В лесной чаще дымился снежок. Сверху падала мелкая крупа, снизу над сугробами курилась снежная муть, ветер всё перемешал, смесил — весь лес затянул мглистою белою пылью.

На голой верхушке дуба шуршали ржавые листья. Тростник у замёрзшего ручья качался, скрипел, переливался снежным бисером — инеем. Засинели ранние сумерки.

Под широкой, с лапами до земли, ёлкой сидел старый леший, сосал ледяную сосульку, посматривал сквозь мохнатый снежный шатёр ветвей и зевал.

Заяц, проваливаясь по уши в сугробы, тяжело проскакал, взбрасывая куцый хвостик, к больничной ограде,— туда стряпуха вместе с золой капустные кочерыжки выбрасывала. Лисица, раскинув пышную рыжую метёлку, шаг за шагом, отряхая мягкие лапки (холодно!), осторожно прокралась к опушке, авось глупая галка на дороге зазевается. Белка шишку в лапках повертела с одного конца, потом с другого и уронила, лешего по колену щёлкнула. Ишь, чёрт вертлявый! Ворона над головой закопошилась, снег крылом задела, полетела вниз холодная вата, прямо лешему на нос.

Нигде покоя не найдёшь. Бросил леший огрызком сосульки в ворону, спиной о шершавый ствол потёрся… Блохи одолели. В шубу набились, жгут мелким огнём, ничем их не выкуришь.

Потянулся старый, в локтях кости хрустнули. Вылез на просёлочную дорогу и застыл.

Идти к леснику на полянку в стожок спать? Или рябины пожевать? Вон за елью алые кисточки висят, морозом хватило,— чудесная закуска!

Приложил мохнатую руку к косматым бровям, посмотрел вдаль и свистнул.

Что за штука? Почему у школы суета такая? Праздник ведь, занятий нету. С утра ещё поволокли туда ёлку, школьники сегодня весь день в лесу мелькали, кто пеший, кто в дровнях с отцом… Чего они там галдят, как галки на колокольне? Вокруг школы расселись, смеются…

Зоркий глаз у лешего, чуткое ухо — и сквозь снежную мглу всё увидит, услышит. Ветер притих. Снег улёгся. Сквозь еловые метлы над головой звёздными кусками засквозило тёмно-синее небо.

Ого-го! Ишь, как горланят… От ствола к стволу леший подкрался ближе: притаился.

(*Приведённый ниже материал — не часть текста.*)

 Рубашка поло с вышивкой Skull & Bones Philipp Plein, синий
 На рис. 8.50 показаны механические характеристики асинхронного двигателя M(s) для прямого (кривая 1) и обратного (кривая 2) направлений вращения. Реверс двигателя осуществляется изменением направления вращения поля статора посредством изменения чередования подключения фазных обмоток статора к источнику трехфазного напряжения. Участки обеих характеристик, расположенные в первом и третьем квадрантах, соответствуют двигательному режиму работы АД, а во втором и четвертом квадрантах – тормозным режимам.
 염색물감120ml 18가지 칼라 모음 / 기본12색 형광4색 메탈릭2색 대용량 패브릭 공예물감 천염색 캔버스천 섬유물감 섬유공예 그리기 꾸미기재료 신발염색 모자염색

С крыльца и с лужайки перед школой всех людей точно в воронку в школьную дверь гуськом втянуло. Скрипит блок, кирпич на верёвке о дверь хлопает. Во всех четырёх окнах забегали, замелькали огоньки и вспыхнуло, переливаясь светлым колоколом, знакомое лесное дерево. Ёлка! Писк-то какой… В чём дело? По какому случаю?

* * *

Все в школе. Мохнатые лошадёнки, привязанные у ракит к низкому плетню, жуют сено, головами встряхивают. В дровнях солома и серое тряпьё-дерюга торчком…

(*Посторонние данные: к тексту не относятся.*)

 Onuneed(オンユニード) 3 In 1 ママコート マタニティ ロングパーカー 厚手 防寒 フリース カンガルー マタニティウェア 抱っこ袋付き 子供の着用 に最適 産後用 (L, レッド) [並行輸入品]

Кто скрипит-переваливается? Не медведь ли? Ух, косматый какой, ростом с верстовой столб… Затопотали лошадёнки на месте, зады поджимают, глазами косятся. Брякнули колокольчики.

Леший испугался:

— Тише вы, тпру! Лешего не признали, лесного хозяина? Но-но! Не трону. Ёлку мне посмотреть интересно. Как бы на бубенцы ваши мужики не выбежали… Тпру! Кому говорю?

Притихли лошадки. Фыркают, ушами прядут, друг дружку мордами подталкивают. Хрустит сено. Месяц голубые хвосты вдоль улицы стелет. Тишина.

Леший припал к стеклу. Ничего, если кто на крыльцо и выбежит воздуха морозного глотнуть, никто его, лешего, не распознает,— старый дед в овчине, может, мельник, а может, и лесник,— пусть смотрит…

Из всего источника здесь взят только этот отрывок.